George Macan (c. 9 September 1853 – 2 November 1943) was an Irish-born lawyer and reporter, and a cricketer who played first-class cricket for Cambridge University between 1872 and 1875. He was born at Castlebellingham, County Louth, Ireland and died at Wimbledon, London.

==Biography==
Macan was educated at Harrow School and Trinity Hall, Cambridge. As a cricketer, Macan was a right-handed middle- or lower-order batsman and a right-arm slow bowler, though he did not bowl in first-class cricket. He played in a single match for Cambridge University in 1872, and then reappeared fairly regularly in 1873, scoring 57 against an "England XI" which was a rather pale shadow of the Rest of England cricket teams that played as "England" in the period before international cricket began; the 57 was his highest first-class score, but he was unsuccessful in other matches and was not picked for the 1873 University Match against Oxford University. In one match, he played for "the Gentlemen of England" against the university side. Though he failed to pass 50 again, he was more consistently successful in both 1874 and 1875 and played in the University Match in both seasons. In 1874, he made 6 and 12 as a poor Cambridge batting side was overwhelmed by an innings and 92 runs; in 1875, he made 2 and 1 not out as Cambridge lost by just six runs.
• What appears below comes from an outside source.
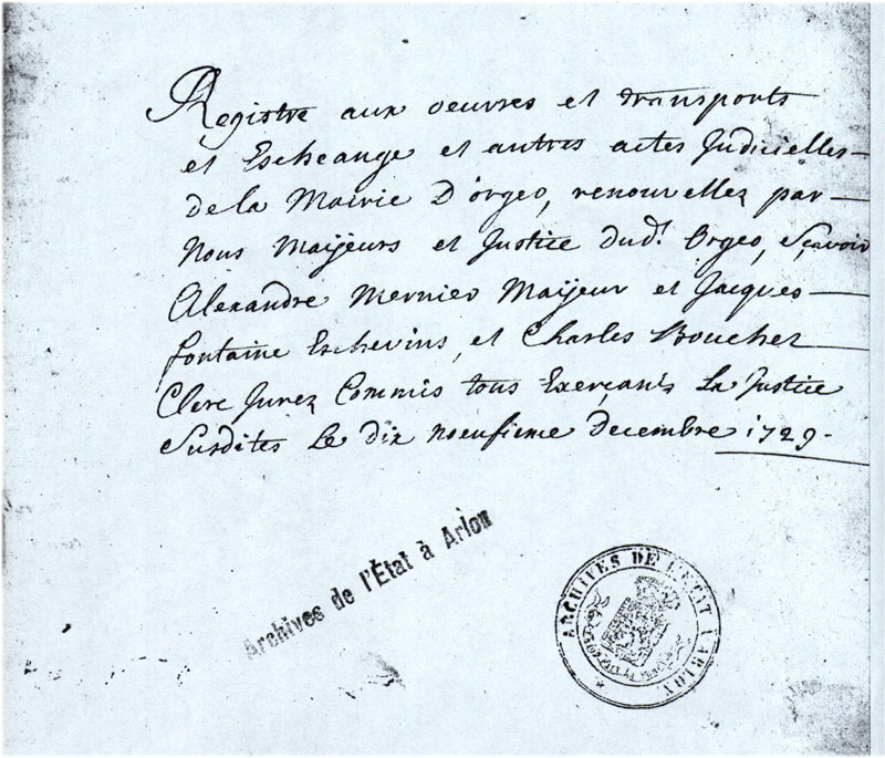Registre des Oeuvres de loi de la Mairie d'Orgeo 2079 Page de garde du Registre des Oeuvres de loi ouvert le 19 décembre 1729
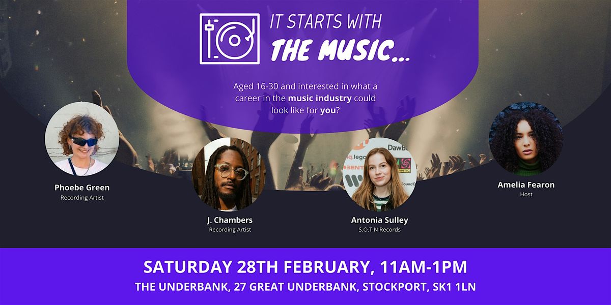It Starts With The Music... is an opportunity for young people (aged 16-30) from Stockport to connect with upcoming and established music industry execs who also have roots in Stockport or Greater Manchester themselves.

He played no further first-class cricket after leaving Cambridge, but is recorded in non-first-class scorecards from Marylebone Cricket Club and other amateur sides up to 1890.

Macan graduated from Cambridge University with a Bachelor of Arts degree in 1875 and then qualified as a lawyer, being called to the bar in 1877. He did not practise as a barrister, but instead acted as a court reporter, working for the Law Times Reports in the Chancery Division.